Life on a construction site is hard work, not least when your knuckle booms start malfunctioning. While this may make you furious with anger, do know... THERE IS A SOLUTION!
It's the Knuckle Boom Rehabilitation Centre!
For the last 25 years, we've been welcoming and rehabilitating knuckle booms back onto construction sites. We have the latest therapy tactics and soothsaying ways to encourage your heavy machinery back towards lifting human beings up and down a little bit.
Rehabilitate Your Heavy Machinery in an Ethical, Safe, Majestic Environment
The life of any knuckle boom is hard work. Up. Down. Up. Down. It's enough to make any piece of heavy construction equipment fall into a fit of manic depression.
That's where our service enters the fray!
Each week our senior knuckle boom, James, begins intensive therapy meetings. Assembled before him may be a dozen or so fellow pieces of heavy construction equipment. They gather in a large open warehouse (because these things are pretty large themselves) to vent. And vent they do. Some of them are a little worse for wear and don't even realise their knuckle isn't fully extended or not.
That's a common problem. But with some encouragement the machinery will extend themselves out, creaking mightily, and let it all hang out as nature intended.
If you're a construction site owner and you need your knuckle booms to get their shit together fast, then refer them to our clinic! Our weekly meetings will put them back on course towards MAXIMUM productivity.
Case Study: Transcript of Knuckle Booms Rehabilitating
To put your knuckle boom at ease, refer it to the below transcript of several patients discussing their various issues. This will encourage it to visit our clinic. You can then pay us money and (probably) expect your machinery to make a full recovery.
Please note, the names of the heavy machinery in question have been changed to protect their identity.
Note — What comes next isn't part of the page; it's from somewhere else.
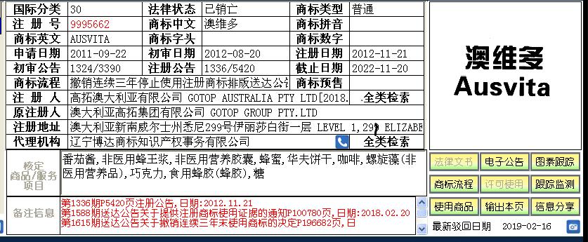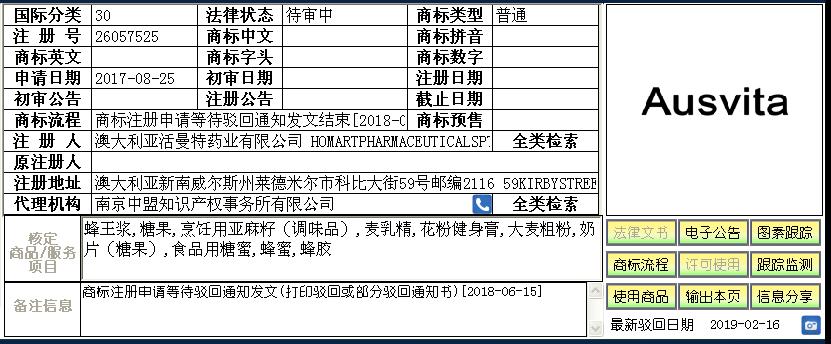 澳大利亚活曼特药业有限公司于2017年8月25日在第30类“大麦粗粉,食品用糖蜜,麦乳精,蜂蜜,蜂胶,花粉健身膏,蜂王浆,糖果,烹饪用亚麻籽(调味品),奶片(糖果)” 上申请注册“Ausvita”商标,注册号为26057525。在提交该商标注册申请阶段,我所就同时建议了活曼特公司对在先障碍商标提撤销三年不使用程序。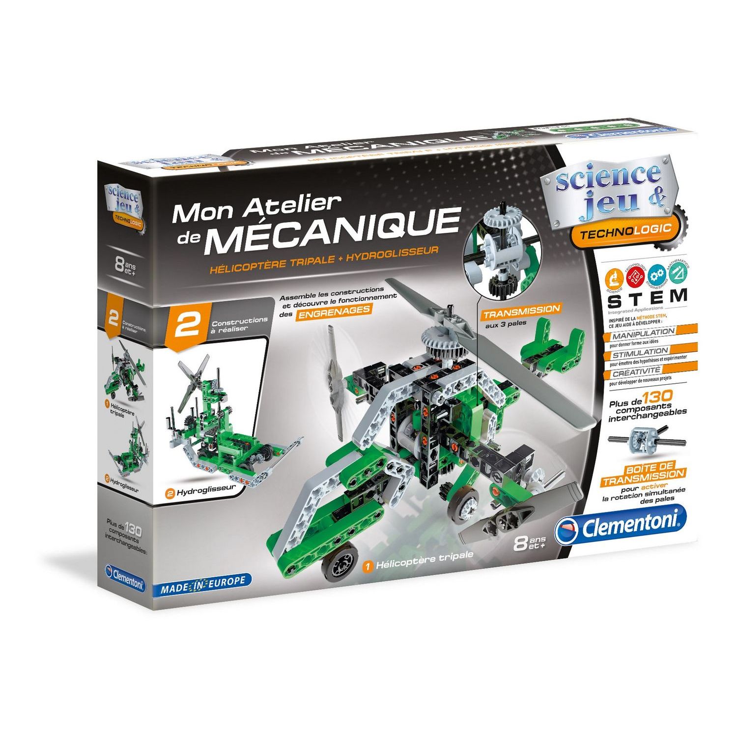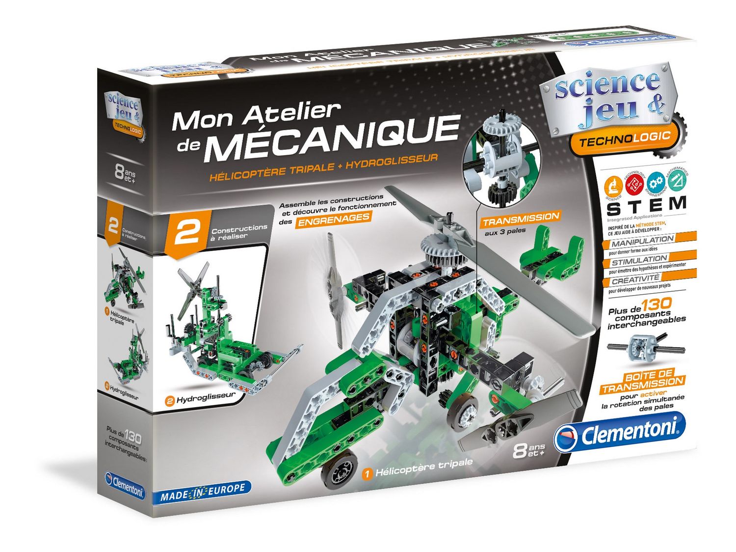 En savoir +Avec ton atelier de mécanique, construis un hélicoptère et un hydroglisseur en intégrant leur système de transmission, avec plus de 130 composants : boîte de vitesses, engrenages, hélices...

Henry: "I knuckle boomed myself so hard I had no knuckles left to boom..."
Kevin: "I know what you mean, mate. I knuckle boomed so hard my booming knuckles couldn't knuckle boom it any longer. The humans found me behind the skips and portable toilets rocking from side to side. Head gaffer said he'd never seen such a woke knuckle boom before and they had me shipped off here."
Charlie: "I'm 100% certain my knuckle is currently extended. No one can convince me otherwise!"
Senior KB James: "You're very wrong. It isn't extended. As we well know, it hasn't fully extended since 2021 when you were a young up and coming knuckle boom with a lot to prove. Now? Younger, sleeker models had arrived with fancier gadgets and you, Charlie, are facing obsoletion—recycling and other parts melted down at smelting factories. This is why you are here, with us, to find yourself. Isn't that glorious?"
Charlie: "Holy shit! I'm gonna get melted down!?"
Senior KB James: "Not just yet, no, what I meant was..."
Charlie: "OH MY KNUCKLE BOOM! WE'RE ALL GONNA DIE!"
[This particular meeting ended with a mass knuckle boom panic, a stampede, and a pile-up at the rear of the warehouse. There were no survivors.]
Please note, we DO NOT provide free oil changes during these meetings. You fund that yourself, that's your job don't make it ours.
Get Your Knuckle Boom-Based Projects Back on Track
Our centre offers state of the art facilities to ensure your heavy machinery feels right at home. We have a moderately friendly team of ex-builders on-site to spout garbage around the knuckle booms.
This familiarity puts them at ease. The builders will:
- Stink of body odour
- Bend over regularly and expose their arse cleavage
- Drink 35 builder's brews daily
- Belch with the wild abandon free will provides
It's £3,000 per knuckle boom and there are no refunds, irrespective of whether your machinery recovers or is left a quivering, demoralised, pathetic wreck (which happens in 67% of patients).